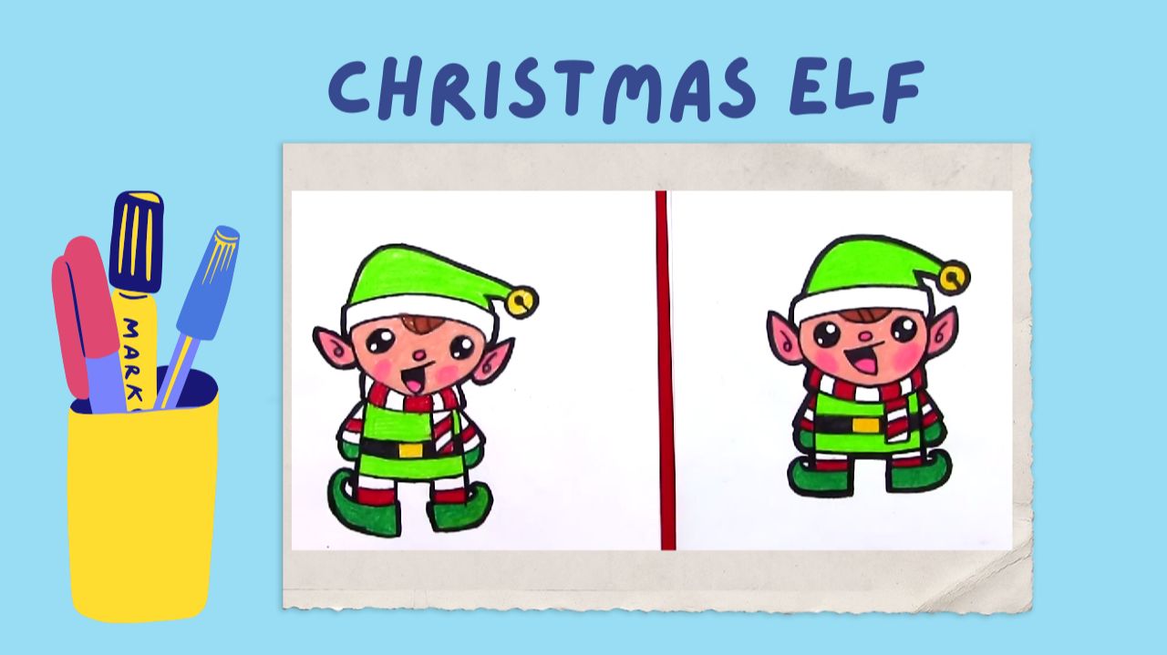 Let's draw a Christmas Elf together! Get a paper, pencil or marker and colored pencils or markers and follow the instructions. #Christmas #drawing #english
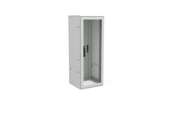 Vordertür aus 4 mm Einscheibensicherheitsglas ( ESG ), eingefasst in einen Aluminiumprofilrahmen.
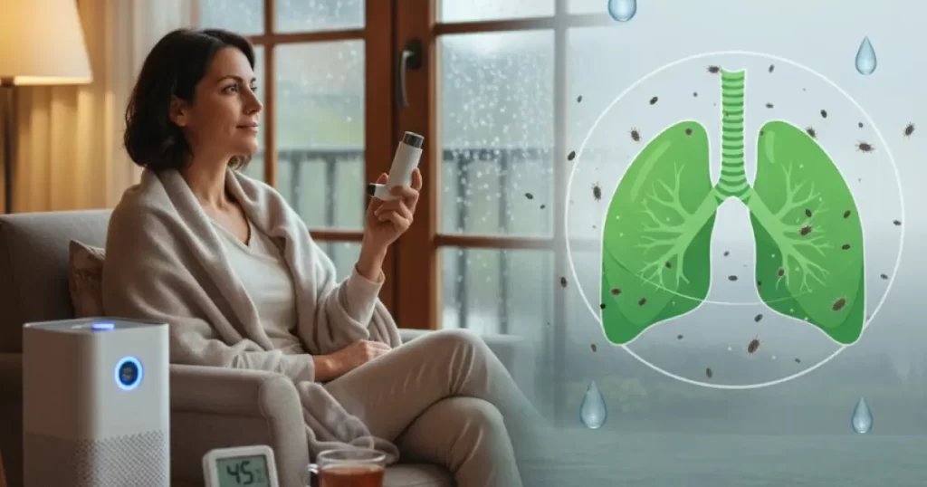 2. Aumento de Ácaros del Polvo: La humedad relativa alta (idealmente, debe mantenerse entre el 30% y el 50%) favorece la reproducción de los ácaros del polvo doméstico, otro de los alérgenos más comunes y problemáticos para los asmáticos.
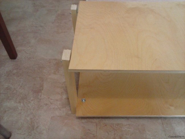 Для нижней части уголок делаем впритык, а для верхней отходя на 1 см (толщина фанеры).
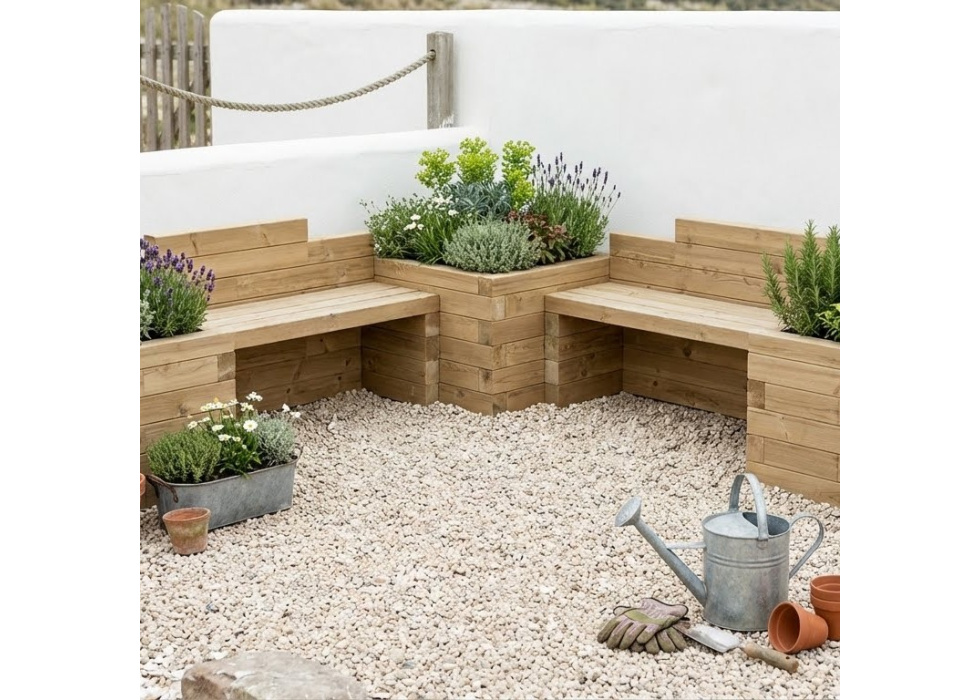 This corner wooden planter bench design is great for filling in that gap in your garden. Using WoodBlocX is easy as there is no heavy lifting, screwing or drilling, which means everyone has the potential to build one themselves. Bench seat height - 0.45m
****
TASK INSTRUCTIONS -
Leaving every picture out, write out exactly the lines from the beginning of the listing above to the line with "Для нижней части", inclusive.

WRITTEN ANSWER -
 Let's draw a Christmas Elf together! Get a paper, pencil or marker and colored pencils or markers and follow the instructions. #Christmas #drawing #english
 Vordertür aus 4 mm Einscheibensicherheitsglas ( ESG ), eingefasst in einen Aluminiumprofilrahmen.
 2. Aumento de Ácaros del Polvo: La humedad relativa alta (idealmente, debe mantenerse entre el 30% y el 50%) favorece la reproducción de los ácaros del polvo doméstico, otro de los alérgenos más comunes y problemáticos para los asmáticos.
 Для нижней части уголок делаем впритык, а для верхней отходя на 1 см (толщина фанеры).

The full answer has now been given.